By Published On: 17 April 2025

“We had monitoring.”

“We saw the alert.”

“Nobody did anything.”

How often have those words echoed through war rooms, post-mortems, or CIO reviews? The failure wasn’t the tools. It wasn’t the data. It was the complete breakdown of Event Management—one of the most misunderstood and under-executed ITIL practice in modern enterprise IT.

In a world overflowing with observability platforms, AIOps, and dashboards, it’s not a lack of signals that plagues enterprises—it’s the lack of structure to act on them. That’s the job of Event Management. And if you’re not doing it with purpose, you’re not really doing it at all.

 

What ITIL Event Management Should Look Like

Let’s paint the picture of perfection. In a mature, high-functioning environment:

  • Events are meaningful. Telemetry is filtered, enriched, and understood in business context.
  • Ownership is defined. Alerts automatically route to the right team with context, priority, and next steps.
  • Correlated views exist. A single business issue triggers one incident—not 867 disconnected alerts across 5 tools.
  • Event lifecycles are tracked. From detection to closure, every step is auditable and measured.
  • People trust the system. The signal-to-noise ratio is high, and the response is fast.

Event Management isn’t a dashboard. It’s not a NOC. It’s a structured, repeatable, and largely automated practice that turns telemetry into trust.

 

What It Usually Looks Like (and Why It Fails)

Here’s the more common scenario. You might recognise it.

  • Thousands of alerts. Every system, every spike, every blip throws an event.
  • No correlation. Alerts pile up in email inboxes, ITSM tools or Slack channels, unlinked and unactioned.
  • No ownership. Everyone sees it. No one owns it.
  • Triage in chaos. Teams manually sift through logs under pressure, hours too late.
  • Trust is gone. Leadership no longer believes in IT’s ability to respond proactively.

This isn’t just inefficiency—it’s danger. Customers are impacted. Costs balloon. Teams burn out. And all the while, IT leaders keep buying tools, not fixing capabilities.

 

The Disconnect: Observability ≠ Event Management

Here’s the truth bomb: observability is not Event Management.

Observability gives you data. ITIL Event Management turns that data into action. When enterprises confuse the two, they end up with stunning dashboards and catastrophic outages.

Too many organisations treat observability as an endgame. It’s not. It’s just the start. The moment telemetry enters your ecosystem, Event Management must take over—filtering, correlating, prioritising, escalating.

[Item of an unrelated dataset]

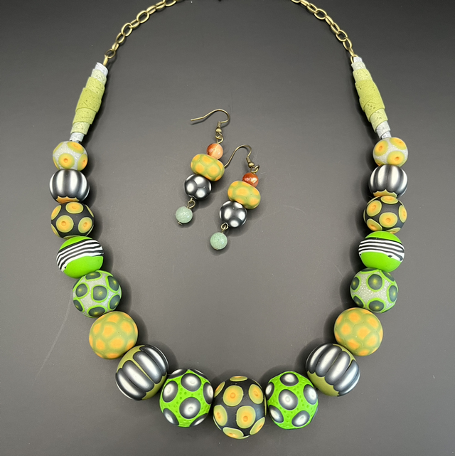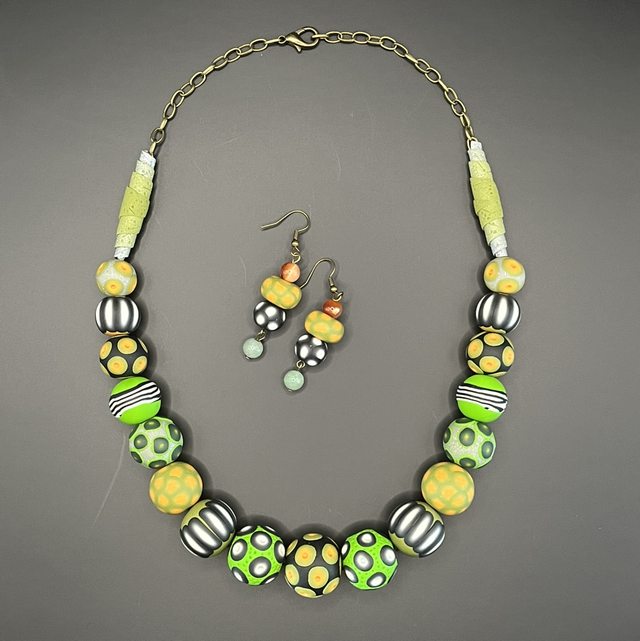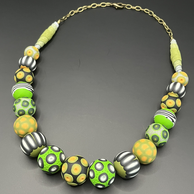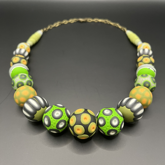 Collier statement créé entièrement à la main en pâte polymère, composé de perles modelées et décorées individuellement selon la technique du millefiori, chacune possédant son propre rythme visuel et un jeu subtil de textures. Les nuances vibrantes de vert, de jaune et de gris métallisé s’harmonisent dans une composition dynamique, ponctuée de motifs graphiques et organiques évoquant des cellules, des graines et des formes naturelles stylisées.

If observability is the nervous system, Event Management is the brain. Without it, your digital body just spasms in place.

 

Why This Matters Now More Than Ever

Modern IT isn’t just complex—it’s interconnected. A single anomaly in a containerised app can ripple across APIs, integrations, cloud networks, and user experience in minutes. In this reality:

  • Speed matters.
  • Context matters.
  • Process matters.

CIOs who don’t elevate Event Management are leaving their teams unarmed in a digital warzone.

 

Where to Start: Five Tough Questions That Separate Control from Chaos

Event Management isn’t a checkbox on an audit spreadsheet—it’s a living, breathing capability that either saves your bacon or ruins your weekend. Want to know if yours is working? Ask yourself (and your leadership team) these five uncomfortable questions.

We’ll walk you through each one—with examples of how it should work… and how it usually does.

 

1. Do we have a defined Event Management process in our ITSM model—or just hope?

The Dysfunction:

Most organisations can’t even find their Event Management process in their service catalogue, or even documented on SharePoint—because it either doesn’t exist, or it’s just a vague paragraph buried in a dusty PDF. There’s no consistent flow from event detection to triage to resolution. Every incident is a snowflake, and every response is a gamble.

The Ideal:

You have a documented, regularly reviewed Event Management practice. It defines:

  • Event types (informational, warning, exception)
  • Detection methods (tools, logs, synthetic monitoring)
  • Escalation paths
  • Integration with Incident and Problem Management

Better yet, your service desk and operations teams are trained on it—and use it daily. It’s embedded in ways of working and Org Design, not just theory.

Your Checkpoint:

➡️ Can you walk into your next Service Op’s meeting and pull up a current Event Management process that aligns with your actual workflows?

 

2. Who owns events from detection to resolution?

The Dysfunction:

“No idea who’s on call. Let’s Slack everyone.”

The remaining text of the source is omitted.